この3つの栄養素は骨に対しては同じような働きを持つので、まとめてご紹介します。 私たちが生きるのに必要なアミノ酸のなかに、メチオニンというものがあります。これ自身はコレステロール値を下げたり、活性酸素を取り除いたりといった効果があるのですが、肝臓で代謝される過程で、ホモシステインという物質を生成します。葉酸、ビタミンB6、ビタミンB12はこのホモシステインの代謝に関わります。この3つの栄養素が不足するとホモシステインがうまく代謝されず蓄積されます。ホモシステインは骨中のコラーゲンに対し悪性の架橋を作ったり、活性酸素を生成したりして骨そしょう症のリスクを高めるのです。葉酸はホウレンソウ、ブロッコリー、メキャベツなどの緑黄色野菜に多く含まれています。また、ビタミンB6はマグロやカツオなどの赤身魚や鶏肉に多く含まれており、野菜ではにんにくや、かぶに多く含まれています。ビタミンB12はサンマやイワシなどの魚介類や、肉のレバーなどに多く含まれています。

ビタミンK

ビタミンKは骨の形成に関わるオステオカルシンというタンパク質を活性化する働きがあり、これによりオステオカルシンによる骨芽細胞の生成が促進され骨密度が増加します。また、ビタミンKはコラーゲンの合成を促し、骨質の向上にも関与します。

抗酸化物質

活性酸素は血中のペントシジンを増加させることが報告されています。これにより骨中の悪性架橋が増加し、骨質の低下を招きますが、抗酸化物質は活性酸素を減らし、これを防ぐといった効果が期待できます。代表的なものに、ニンジンに多く含まれるβ-カロテン、ブドウやブルーベリーに多く含まれるアントシアニンや、トマトに含まれるリコピンなどがあります。また、ビタミンCは抗酸化物質としても作用することが知られています。

適度な運動

骨の強化には運動が欠かせません。骨に多少の付加を与えることで、骨量が増加することが知られています。しかし、過度な運動は、回復が難しい軟骨に損傷を与えたり、特に女性では、運動性無月経という症状に陥り、女性ホルモンの減少によりかえって骨量が減少してしまう恐れがあります。それでは、適度な運動とはどのようなものでしょうか?
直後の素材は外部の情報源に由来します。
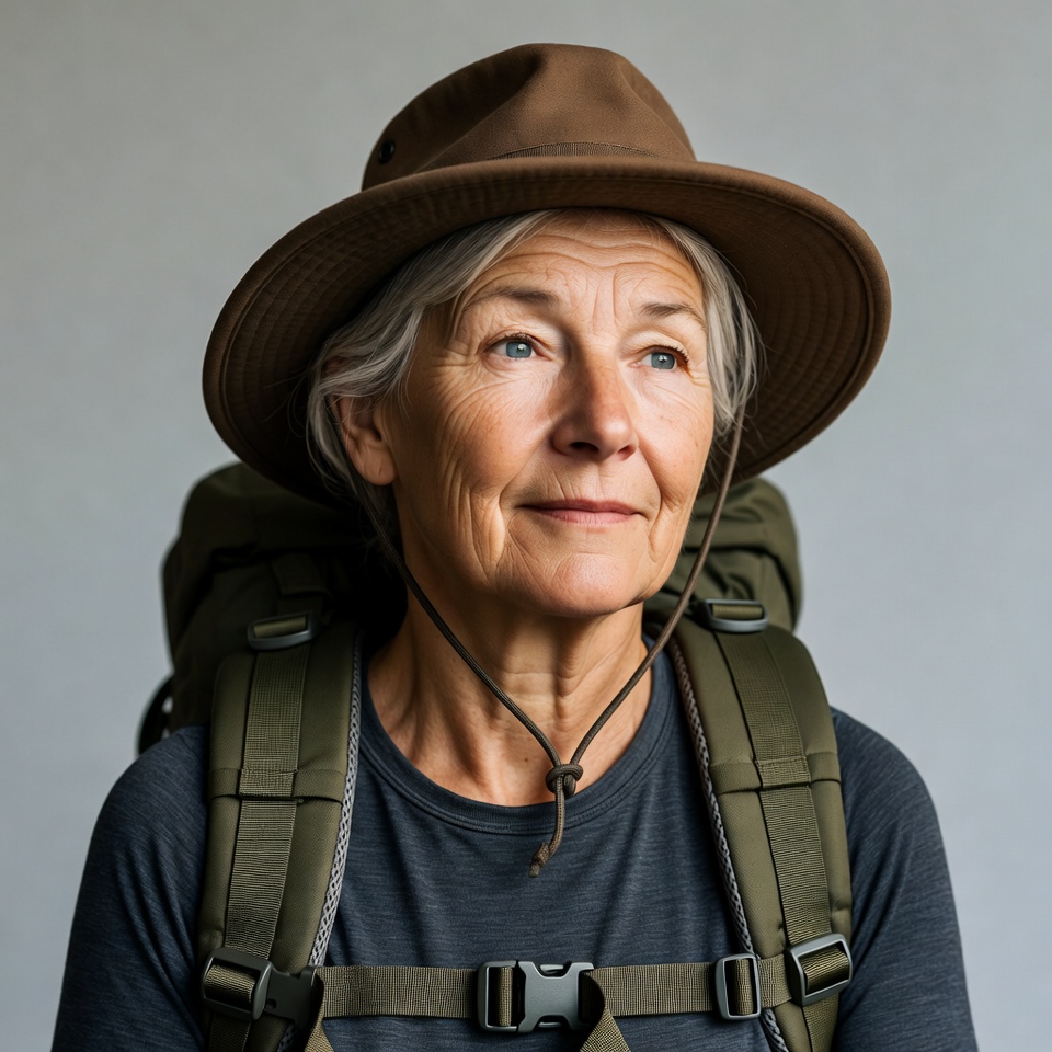 An elderly White woman with short gray hair smiles at the camera while wearing a wide-brimmed brown hat. She has a green backpack on her back and wears a dark gray shirt. The image is isolated against a plain gray background.

運動の強度を計る指標として、メッツ(METs)というものがあります。これは安静時の消費エネルギー量を1として、ある運動の運動強度を相対的に表したものです。厚生労働省によると、強度が3メッツ 以上の身体活動を1週間に23メッツ・時(1メッツの活動を1時間行うといメッツ・時)以上行うのが望ましいとされます。例えば、普通に歩いた場合、3メッツの運動強度となりますが、これを1時間続ければ3メッツ・時となります。以下に、一般的な身体活動のメッツ表を記載しますので、参考にしてください。

ひとまずはこの目標を達成できれば、適度な運動を行ったということが言えるでしょう。

まとめ

骨についてまとめてみましょう。

  1. カルシウム、マグネシウム、ビタミンC、ビタミンD、ビタミンKにより骨量を増加!
  2. 葉酸、ビタミンB6、ビタミンB12ビタミンK、抗酸化物質により骨質を改善!
  3. 適度な運動で強靭な骨を!

骨強度=骨量(骨密度)+骨質!
常にこれを意識して、骨を健康に保ちましょう。